WHAT TO PRODUCE
The pictures stay out. Please retype every line below exactly.

DATASET CONTENT
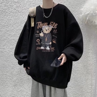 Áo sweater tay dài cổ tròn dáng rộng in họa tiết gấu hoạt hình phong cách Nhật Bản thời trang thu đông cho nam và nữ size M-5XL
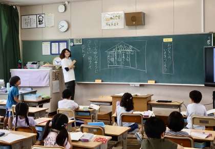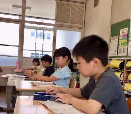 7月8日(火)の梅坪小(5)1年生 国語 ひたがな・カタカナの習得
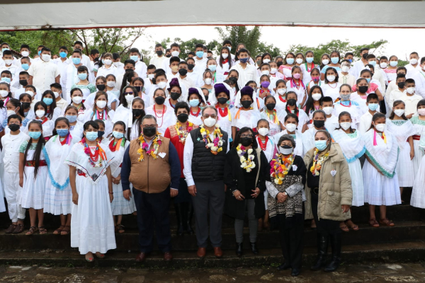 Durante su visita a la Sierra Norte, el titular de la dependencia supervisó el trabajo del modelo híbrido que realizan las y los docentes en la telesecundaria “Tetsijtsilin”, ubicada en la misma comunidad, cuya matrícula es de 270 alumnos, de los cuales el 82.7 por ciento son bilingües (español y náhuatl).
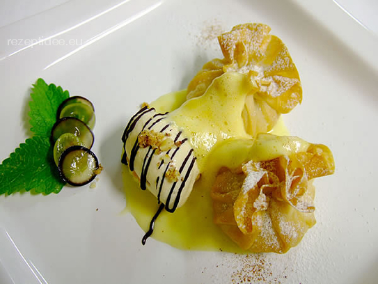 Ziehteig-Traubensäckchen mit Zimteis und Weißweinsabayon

RESPONSE TO THE TASK
 Áo sweater tay dài cổ tròn dáng rộng in họa tiết gấu hoạt hình phong cách Nhật Bản thời trang thu đông cho nam và nữ size M-5XL
 7月8日(火)の梅坪小(5)1年生 国語 ひたがな・カタカナの習得
 Durante su visita a la Sierra Norte, el titular de la dependencia supervisó el trabajo del modelo híbrido que realizan las y los docentes en la telesecundaria “Tetsijtsilin”, ubicada en la misma comunidad, cuya matrícula es de 270 alumnos, de los cuales el 82.7 por ciento son bilingües (español y náhuatl).
 Ziehteig-Traubensäckchen mit Zimteis und Weißweinsabayon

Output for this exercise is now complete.